On the other hand, they are slow and sluggish when driven by small control currents and have a nonlinear characteristic curve.
Fortunately, the characteristic curve of the conductance versus control current is more linear than that of the resistance. This is advantageous, for instance, for VCFs with a frequency response proportional to 1/RC. For music electronics applications, however, exponential control of the conductance is preferred since voltage-controlled circuits use the “volt/octave” characteristic, whereby with each volt of additional control voltage, the cutoff frequency of the VCF doubles.
Another advantage of exponential vactrol control is the fact that the LED current never becomes 0 [y= exp(x) > 0] and thus the LDR never reaches its full dark resistance, which has a positive effect on the response time of the LDR.
Usually, a pair of transistors is used to convert a linear control voltage into an exponential current. In the case of a vactrol, however, the pair of transistors can be replaced by the LED itself, which is like any diode a voltage-controlled exponential current source.
For temperature compensation, two matched LEDs are required, similar to the transistor circuit.
Figure 1 shows the simulated circuit of the exponential vactrol control.
Figure 1 An exponential vactrol drive where a reference LED is used to convert a linear control voltage into an exponential current, and two matched LEDs are used for temperature compensation.
The LED2 is operated with Iref = -V/R4. At CV=0, the current in the vactrol LED2 is identical, and the resistance of the LDR is set to the middle of the desired resistance range via Iref, here about 30 µA.
As CV increases, the voltage at the cathode of LED2 decreases, but the voltage between the anode and cathode increases so that the LED current increases exponentially.
With a negative CV, the voltage across LED2 decreases accordingly, so that the LED current decreases exponentially. The range of the LDR resistance is determined by summing amplifier U1’s gain. In practical applications, a range of ~ 1 MΩ (CV = -5 V) to 1 kΩ (CV = +5 V), is used, so that a VCF can be tuned from 20 Hz to 20 kHz.
Thermistor R3 improves the temperature drift of the LED current. Still, the LDR’s temperature dependence remains at approximately 0.2%/K, which makes the vactrol circuit less suitable for high-end VCOs.
For other applications (VCF, VCA), the temperature drift is good enough, and in most cases, the thermistor can be omitted.
Figure 2 shows the simulated resistance curve and LED2 current at 20°C and 40°C.
Figure 2 The simulated resistance curve and LED2 current at 20°C and 40°C.
A small PCB was developed for the circuit. The SMD LEDs are standard white types in a 5730 case. Vactrol LED2 is on the PCB top side and illuminates two GL5537 LDRs, which are arranged at an angle of approximately 45 degrees above LED2.
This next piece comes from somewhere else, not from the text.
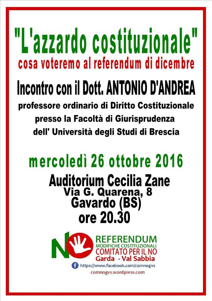 Mercoledì 26 Ottobre alle ore 20:30 presso l’auditorium Cecilia Zane di Gavardo si terrà l’evento “L’azzardo Costituzionale”.
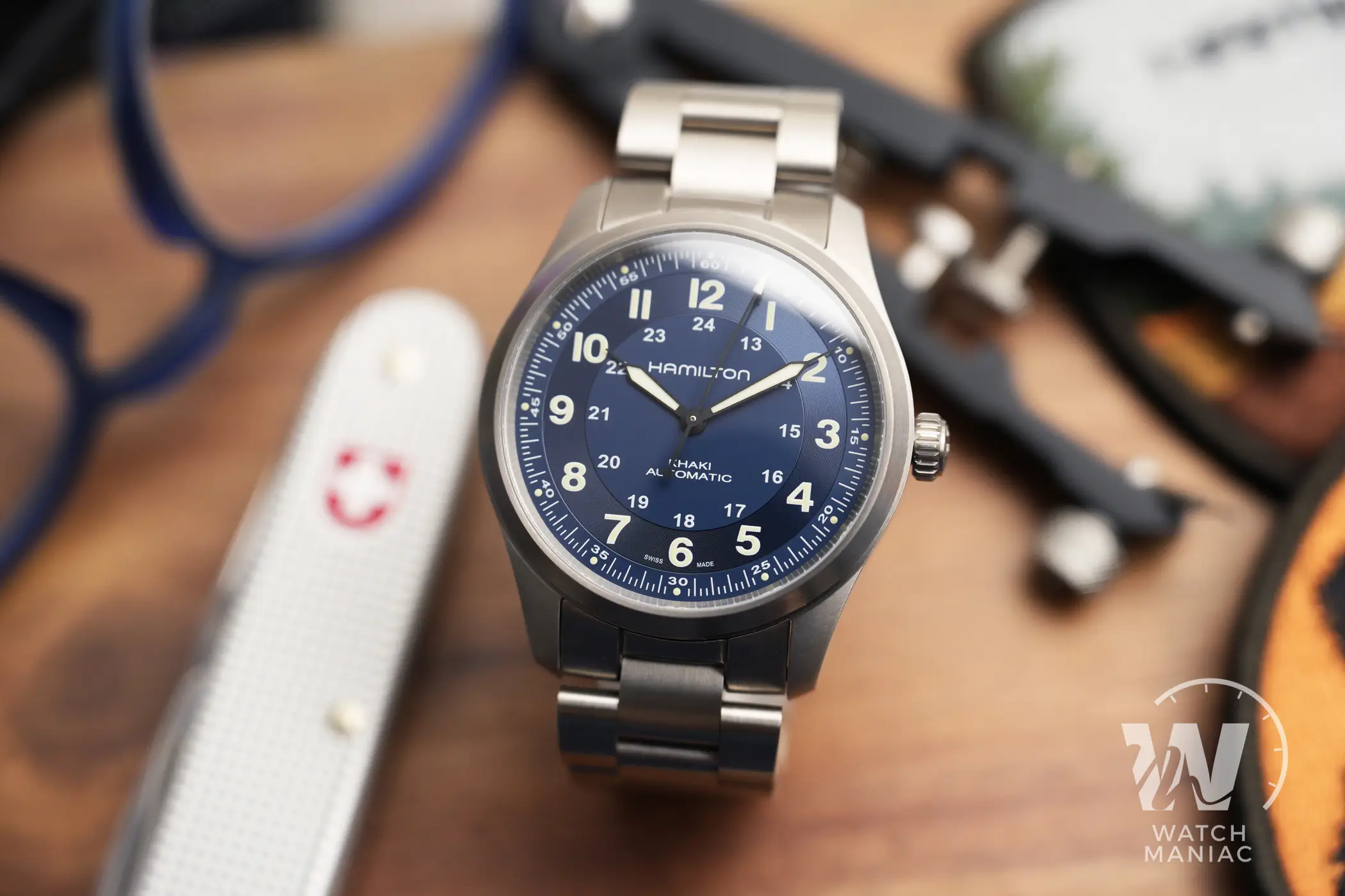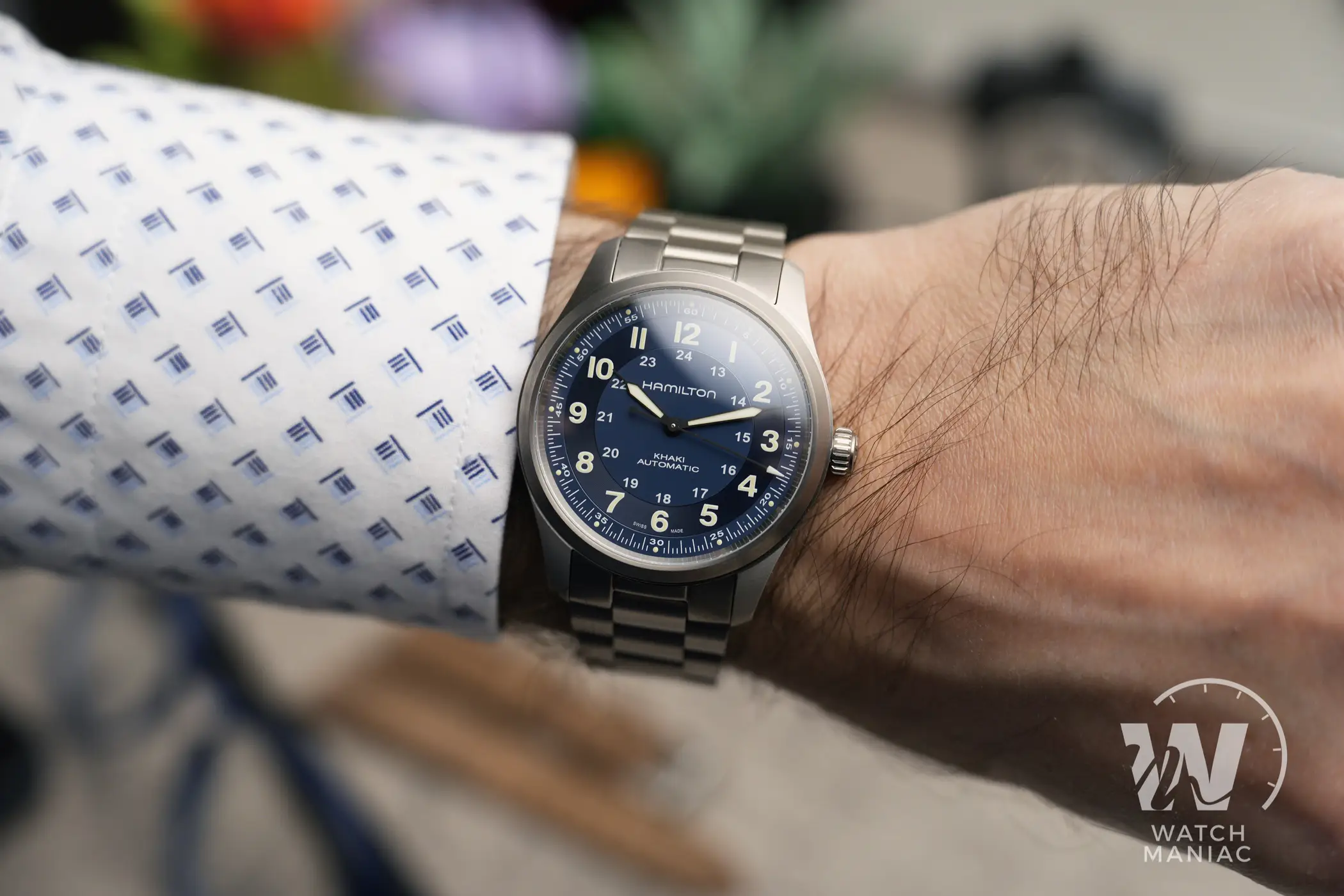 Quello dei “field watch” è un genere storicamente molto importante per Hamilton e quindi non è sorprendente che, ancora oggi, molte nuove referenze rientrino nella famiglia Khaki Field. Comunque, pur rimanendo all’interno di un filone stilistico ben preciso, si può spaziare tra modelli con caratteristiche molto differenti tra loro. Questo è sempre un approccio corretto dato che ciascuno di noi ha le proprie idee e le proprie esigenze e quel che potrebbe essere irrinunciabile per qualcuno, è possibile che sia un elemento del tutto ininfluente per qualcun altro. Il Khaki Field Titanium era disponibile inizialmente solo nella misura da 42mm, poi successivamente sono arrivate le versioni da 38nm e solo recentemente sono state aggiunte le referenze con bracciale in titanio.

By slightly bending the LDRs, they can be mechanically trimmed for matching resistance. A small black 3D-printed box and a PCB with black solder mask prevent external light from affecting the circuit. Circuits with two and four LDRs illuminated by one LED have been successfully tested to implement 2nd- and 4th-order VCFs.
Uwe Schüler is a retired electronics engineer. When he’s not busy with his grandchildren, he enjoys experimenting with DIY music electronics.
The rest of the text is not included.